Items listed in a dataset:

+++

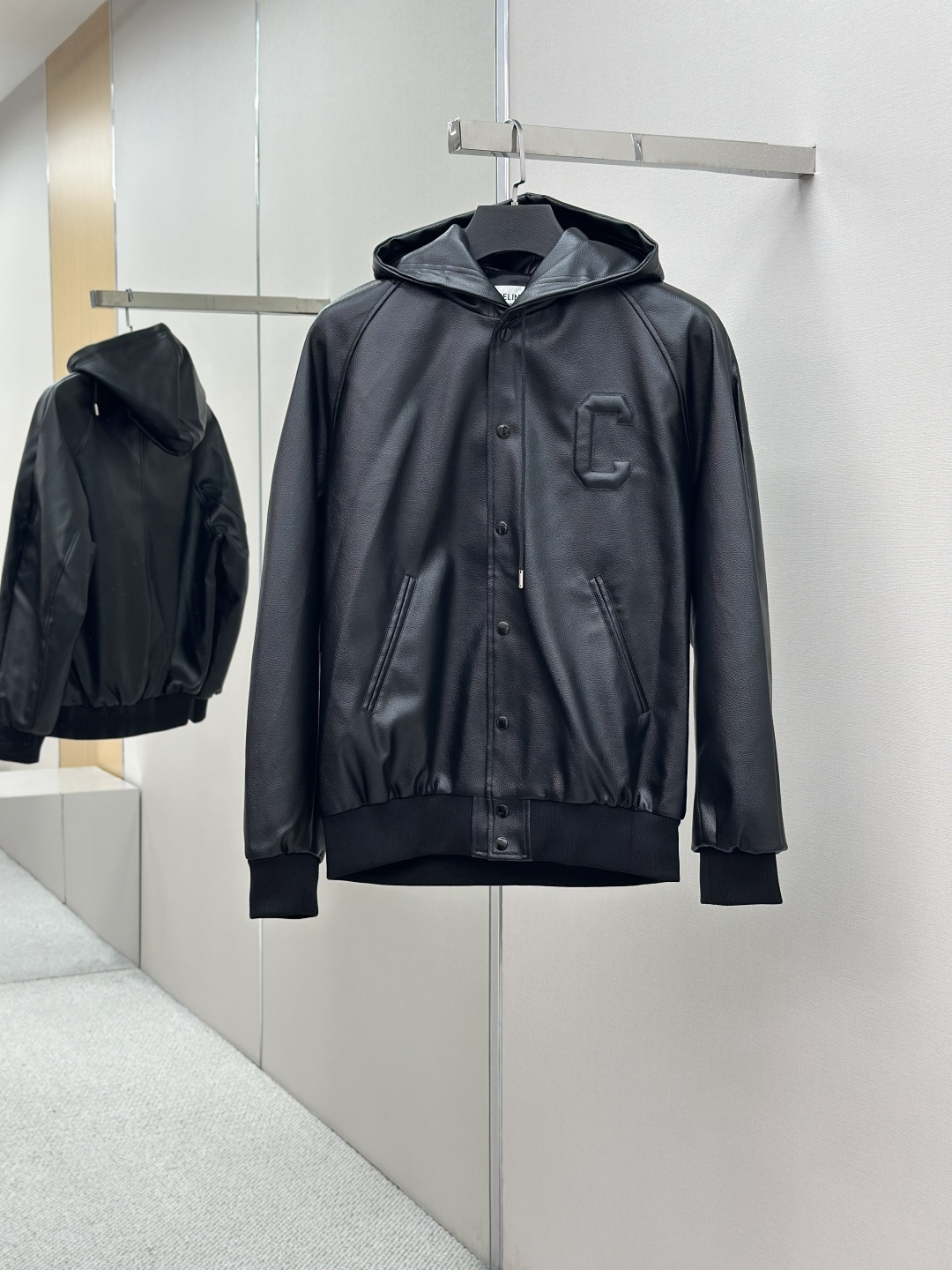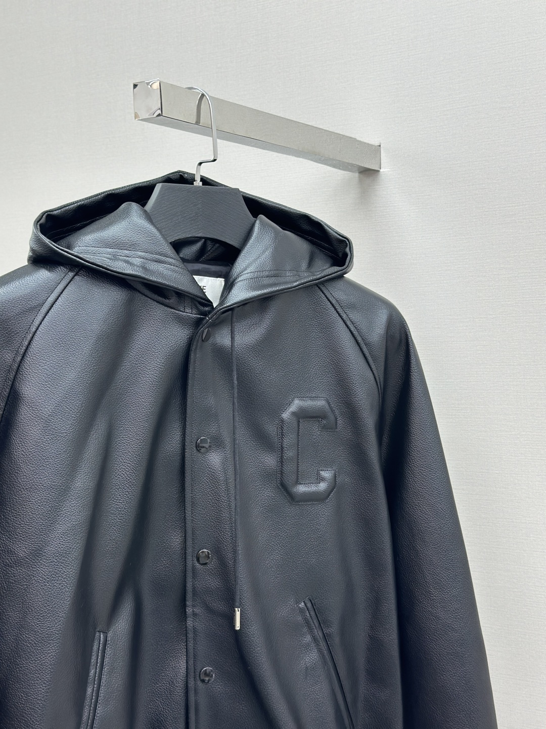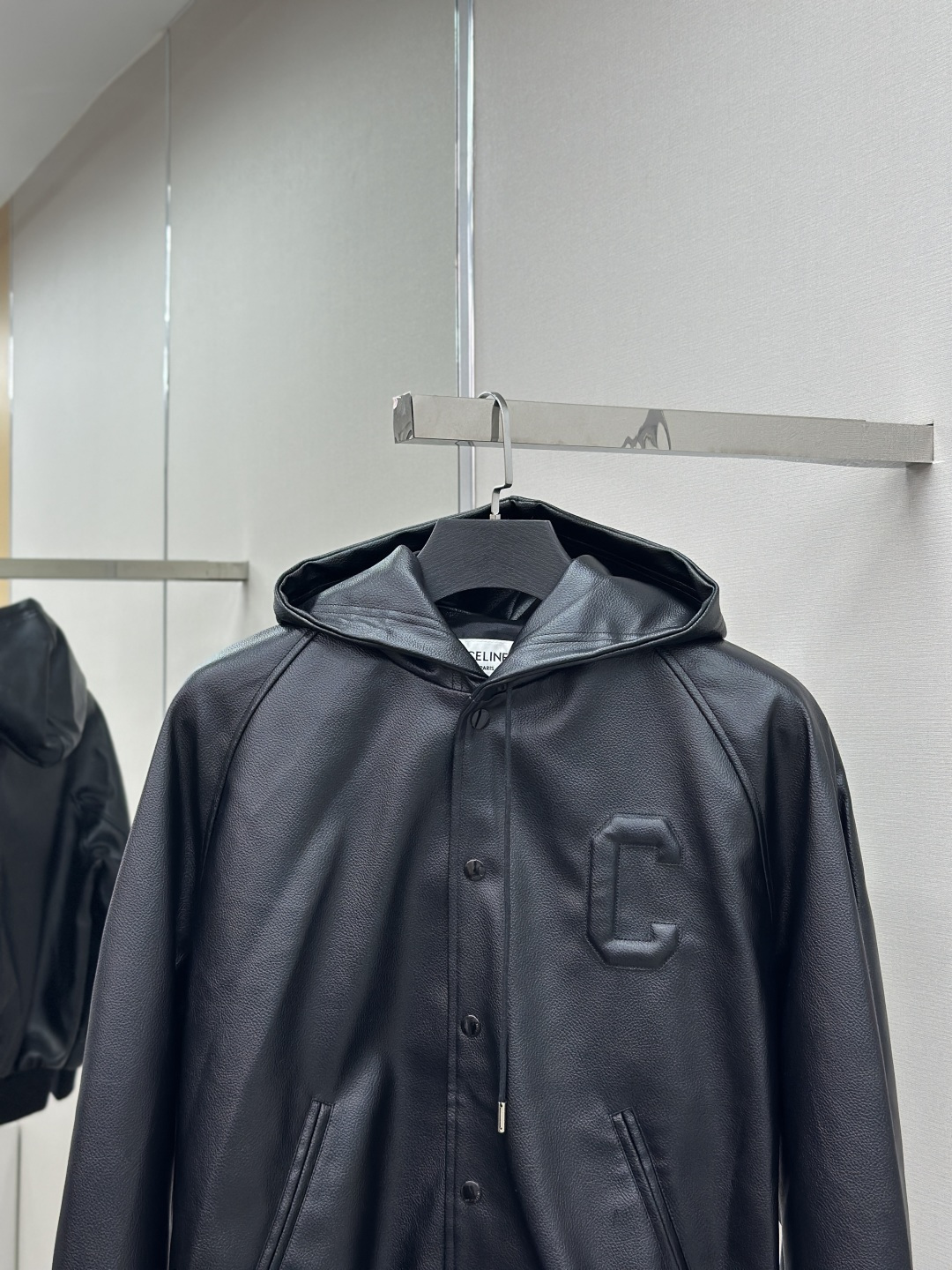 Celine leather hoodie. Custom calfskin leather and premium tencel lining. Natural sheen, iconic "C" logo. Black, elegant, versatile. Laser cutting, adhesive bonding, infrared positioning, template pocket. Custom pendant, snap buttons, label. Slim fit. Sizes 46-52. Style 24071-D10.
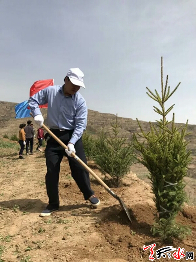 植树现场,大家个个热情洋溢、干劲十足、相互配合,按点挖坑、挥锹培土,每一个步骤都一丝不苟,精益求精,到处是一派热火朝天的劳动景象。活动从早上10点开始,经过4个多小时的植树,在六个台阶共种植了180多棵松树。这次义务植树活动使每一个干部对环境保护意识有了进一步提高,大家纷纷表示,以自己亲手植树的方式参与绿化,意义非凡,今后将以身作则,植绿、爱绿、护绿,为天水郡街道生态文明建设贡献一份力量。
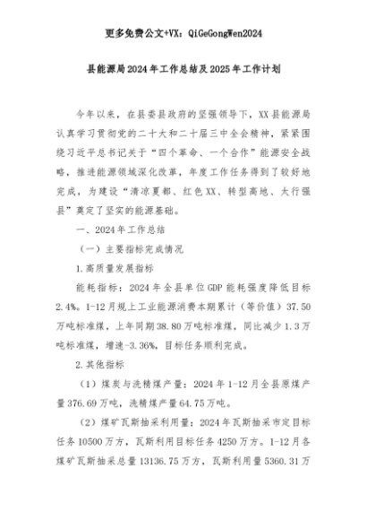 【七哥公文】2025年:县能源局2024年工作总结及2025年工作计划+更多免费公文+VX:QiGeGongWen2024+更多免费公文+VX:QiGeGongWen2024
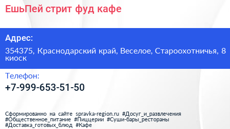 ЕшьПей, стрит-фуд кафе по адресу 354375, Краснодарский край, Веселое, Староохотничья, 8 киоск в дальнейшем Организация, размещена в следующих категориях:
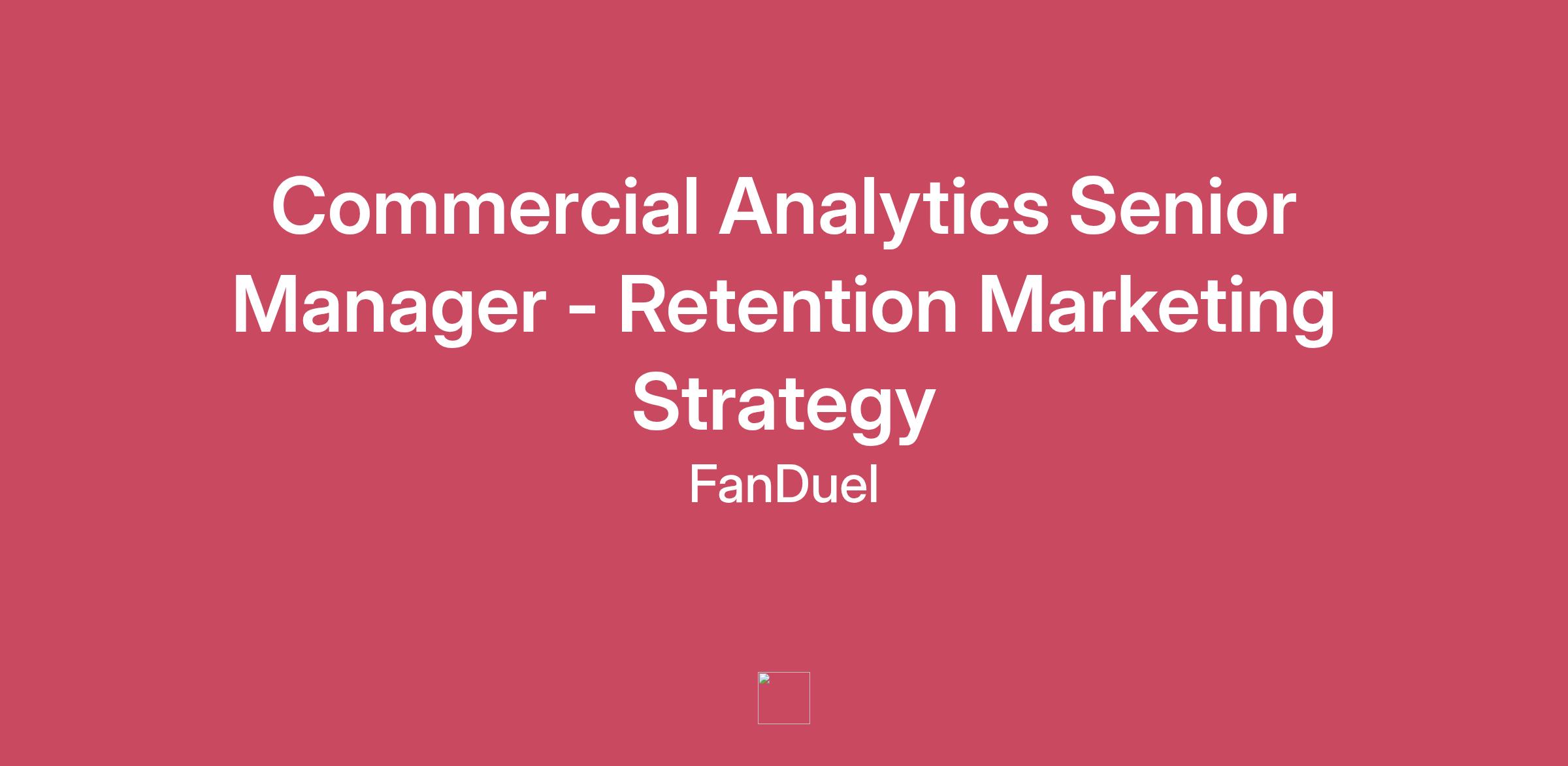 Commercial Analytics Senior Manager - Retention Marketing Strategy
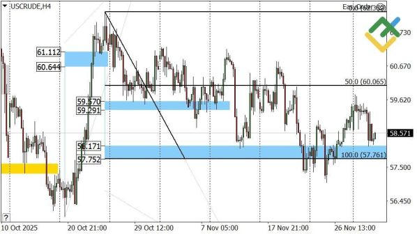 По USCrude: Фокус на покупки от поддержки 58.17 — 57.75 с целями 60.06 и 62.36.
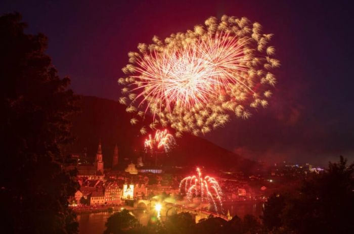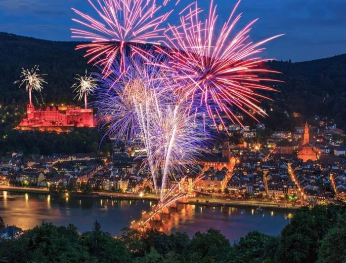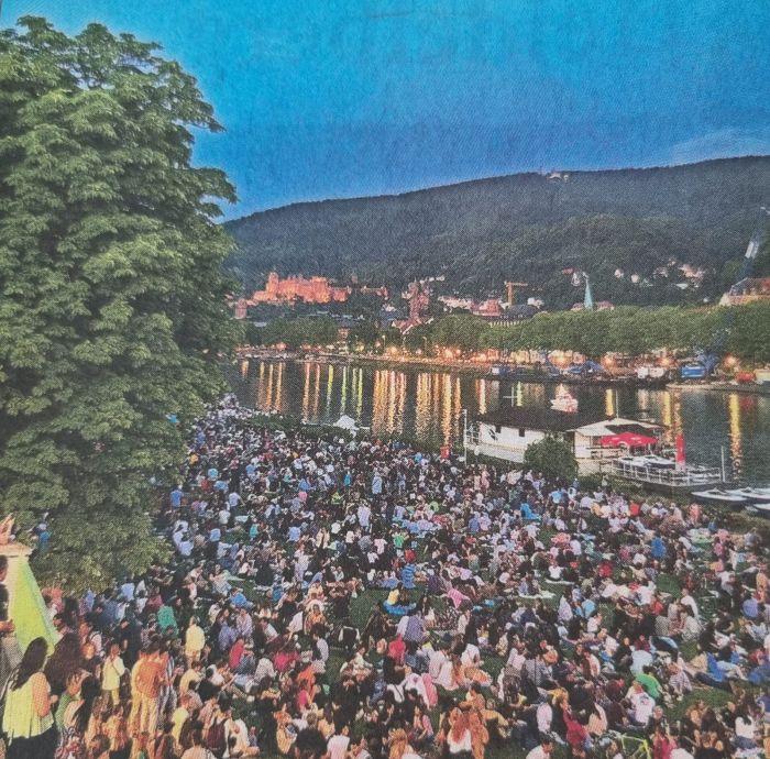 Öğle saatlerinde caddeler, sokaklar ve şehrin tam ortasından akan, Ren Nehri`nin bir kolu olan Neckar Nehri`nin iki yakası dolmaya başlıyor. Akşam serinliğinde nehir kenarında yer bulmak totoda önemli bir sayı tutturmak gibi bir şey. Havai fişekler, Neckar Nehri`nin üzerindeki, şehrin 3 simgesinden birisi olan Eski Köprü (Alte Brücke) üzerinden atılıyor... Köprünün güney doğusunda, dağın eteğinde bulunan Heidelberg Kalesi ışıklandırılıyor. Otuz Yıl Savaşları`nda (1618-1648) Fransız topçusunun yıktığı Heidelberg Kalesi, yaklaşık 70 yıldır milim milim, gıdım gıdım restore edilen bu kale, karanlıkta tüm ihtişamıyla ortaya çıkıyor bu sayede... Heidelberg Kalesi`ni gezmiş olanlar bilir, içinde tam 28 tonluk bir şarap fıçısi mevcut bu kalenin. Bölgede hüküm süren Beylikten kalma.

+++

◆ Required work
The copy you write must hold every record verbatim and none of the pictures.

◆ Answer
 Celine leather hoodie. Custom calfskin leather and premium tencel lining. Natural sheen, iconic "C" logo. Black, elegant, versatile. Laser cutting, adhesive bonding, infrared positioning, template pocket. Custom pendant, snap buttons, label. Slim fit. Sizes 46-52. Style 24071-D10.
 植树现场,大家个个热情洋溢、干劲十足、相互配合,按点挖坑、挥锹培土,每一个步骤都一丝不苟,精益求精,到处是一派热火朝天的劳动景象。活动从早上10点开始,经过4个多小时的植树,在六个台阶共种植了180多棵松树。这次义务植树活动使每一个干部对环境保护意识有了进一步提高,大家纷纷表示,以自己亲手植树的方式参与绿化,意义非凡,今后将以身作则,植绿、爱绿、护绿,为天水郡街道生态文明建设贡献一份力量。
 【七哥公文】2025年:县能源局2024年工作总结及2025年工作计划+更多免费公文+VX:QiGeGongWen2024+更多免费公文+VX:QiGeGongWen2024
 ЕшьПей, стрит-фуд кафе по адресу 354375, Краснодарский край, Веселое, Староохотничья, 8 киоск в дальнейшем Организация, размещена в следующих категориях:
 Commercial Analytics Senior Manager - Retention Marketing Strategy
 По USCrude: Фокус на покупки от поддержки 58.17 — 57.75 с целями 60.06 и 62.36.
 Öğle saatlerinde caddeler, sokaklar ve şehrin tam ortasından akan, Ren Nehri`nin bir kolu olan Neckar Nehri`nin iki yakası dolmaya başlıyor. Akşam serinliğinde nehir kenarında yer bulmak totoda önemli bir sayı tutturmak gibi bir şey. Havai fişekler, Neckar Nehri`nin üzerindeki, şehrin 3 simgesinden birisi olan Eski Köprü (Alte Brücke) üzerinden atılıyor... Köprünün güney doğusunda, dağın eteğinde bulunan Heidelberg Kalesi ışıklandırılıyor. Otuz Yıl Savaşları`nda (1618-1648) Fransız topçusunun yıktığı Heidelberg Kalesi, yaklaşık 70 yıldır milim milim, gıdım gıdım restore edilen bu kale, karanlıkta tüm ihtişamıyla ortaya çıkıyor bu sayede... Heidelberg Kalesi`ni gezmiş olanlar bilir, içinde tam 28 tonluk bir şarap fıçısi mevcut bu kalenin. Bölgede hüküm süren Beylikten kalma.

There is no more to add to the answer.